Setting the initialisation order for libraries (Best practices for libraries and linking part 6)

Part 5 of the series talked about diagnosing initialisation problems. These are situations where the libraries are loaded in the wrong order and this causes the application not to function correctly (or at all). Part 6 discusses how to resolve this problem.

The easiest, but the least reliable approach is to reorder the libraries on the link line until they get initialised in the right order. This is an easy fix since it is just a matter of changing the link line, but it's not reliable. There are various reasons why this is a poor fix. It is limited to just fixing the one application, and does not fix the root of the problem. It is not robust as a change in one of the libraries may cause the whole problem to recur. etc. Better fixes involve avoiding the duplicate symbol problem that causes the library load order to be indeterminate.

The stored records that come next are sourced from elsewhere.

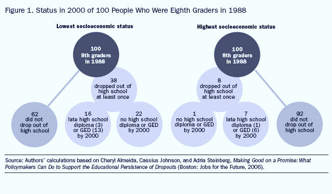 Data on dropouts by income are from 2006. See National Center for Education Statistics, Digest of Education Statistics: 2007 (Washington: National Center for Education Statistics, 2008), tables 105 and 106. Data on dropouts by race and ethnicity are from 2007. See National Center for Education Statistics, The Condition of Education (Washington: National Center for Education Statistics, 2009), table A-20-1.
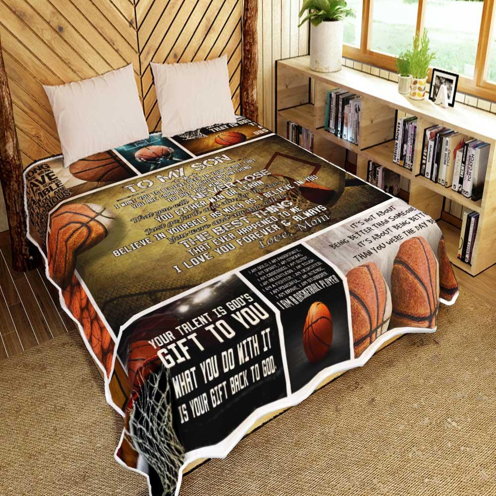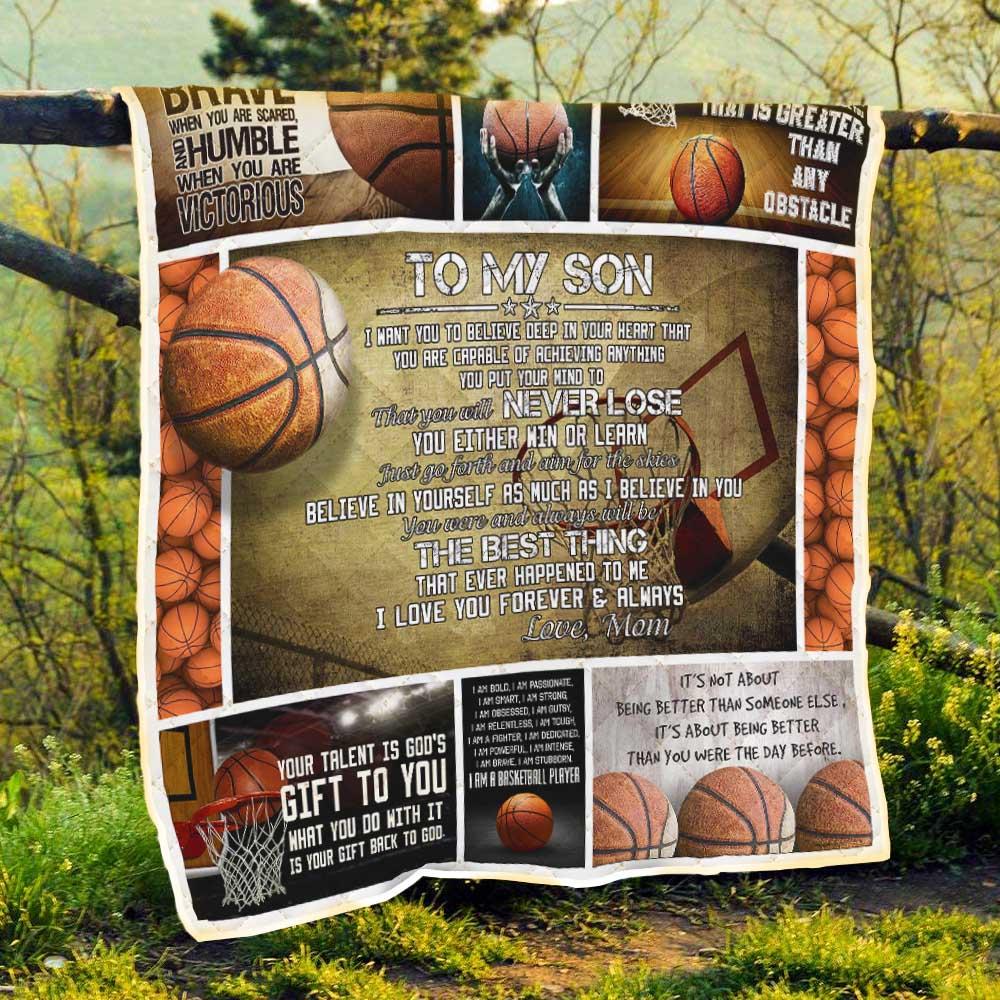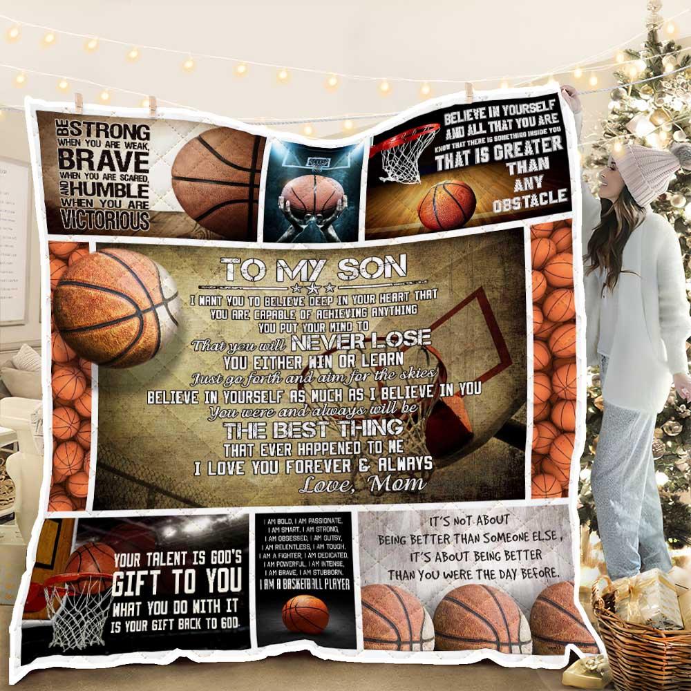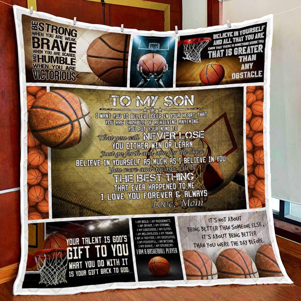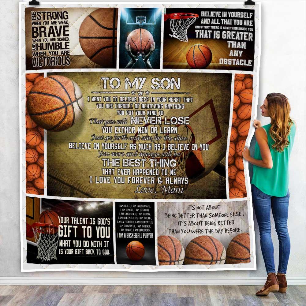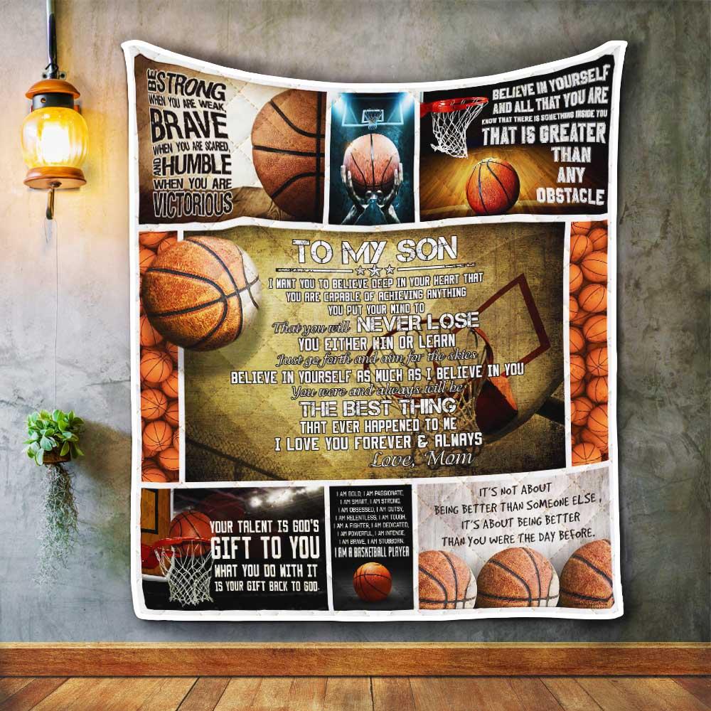 To My Son. Just Go Forth And Aim For The Skies. Basketball Quilt Blanket
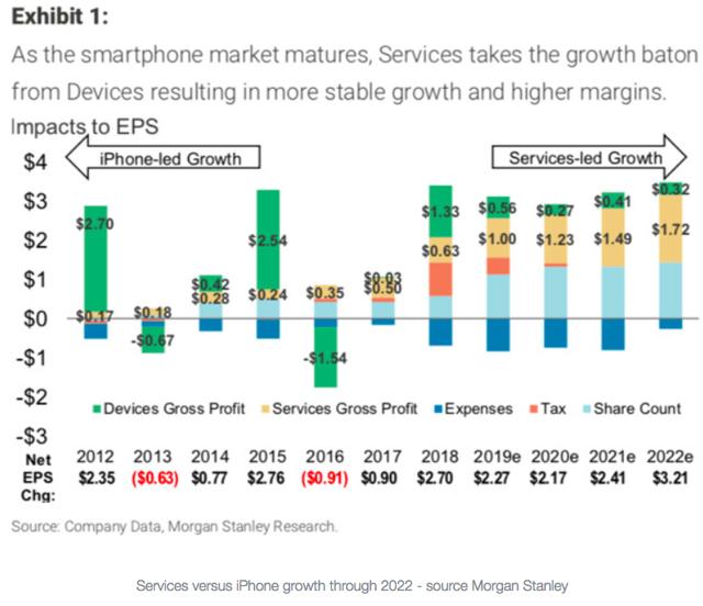 报告显示,随着服务业在增量利润中占据更大份额,未来几年的利润走势会更好。从下图中可以看出,2012年至2018年,苹果的增量利润出现了大幅波动。然而,从2019年开始,利润增长变得更加稳定。这一增长在很大程度上要归功于服务业。据估计,该行业2018年的毛利润增量仅为0.63美元,但到2022年,每股收益增量将达到1.72美元。

If the symbols are introduced because of C++ templates, then the -instlib=<library> flag causes the compiler not to generate symbols that are defined in the listed libraries.

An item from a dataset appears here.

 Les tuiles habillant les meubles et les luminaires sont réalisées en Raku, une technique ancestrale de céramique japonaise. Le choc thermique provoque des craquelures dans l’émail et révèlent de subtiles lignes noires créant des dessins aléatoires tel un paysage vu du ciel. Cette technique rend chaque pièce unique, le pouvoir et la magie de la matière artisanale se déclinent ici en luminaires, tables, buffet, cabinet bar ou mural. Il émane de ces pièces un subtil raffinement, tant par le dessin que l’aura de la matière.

Direct binding is another approach which records the exact library dependencies at link time so that the linker knows exactly which libraries are required, and hence can determine the appropriate load order. This has the downside that it enables different libraries to bind to different definitions of the same symbol, this could be a useful feature, but could also introduce problems.

Tuesday, July 12, 2011

Feature Test Macros

Feature test macros are a set of macros that are either:

  • Defined by the development environment indicating that the environment conforms to a particular standard

or

  • Defined by the source code for the application before the header files are included to indicate that the application requires a particular environment to build

The macros define what APIs are available, and what parameters are passed through the APIs. Adherence to a particular standard (like POSIX) will define a particular set of APIs, and define their parameters. A good example of this is on Solaris where munmap changes definition depending on what standards have been requested:

$ grep munmap /usr/include/sys/*.h
/usr/include/sys/mman.h:extern int munmap(void *, size_t);
/usr/include/sys/mman.h:extern int munmap(caddr_t, size_t);

The Linux man page for feature_test_macros includes useful source code (ftm.c) for reporting which feature test macros are set by default. This changes depending on the the OS and compiler used. One of the big differences between Linux and Solaris are the feature test macros that are set by default. Here's the output from the program compiled on a Linux box and a Solaris box - both using gcc.

Linux

$ gcc ftm.c
$ ./a.out
_POSIX_SOURCE defined
_POSIX_C_SOURCE defined: 200809L
_BSD_SOURCE defined
_SVID_SOURCE defined
_ATFILE_SOURCE defined

Solaris

$ gcc ftm.c
$ ./a.out
_LARGEFILE64_SOURCE defined
_FILE_OFFSET_BITS defined: 32

The list of standards that Solaris 10 adheres to is documented under man standards, the list for Linux is documented under man feature_test_macros.

Monday, July 11, 2011

OpenMP 3.1 specification released

OpenMP is a great way to produce parallel applications with the minimal amount of work. The 3.1 specification came out a couple of days ago. As should be apparent from the version number, its more incremental than significant. The significant changes I see are:

  • Support for min and max reductions in C/C++. This was a frustrating omission from the previous versions, so I'm pleased to see that fixed here.
  • Support for thread binding. The specification introduces OMP_PROC_BIND which binds threads to cores. This is rather similar to the original SUNW_MP_PROCBIND in Studio, which only took true or false, more recent compilers allow a much finer granularity of control. Still "true" or "false" is a good start!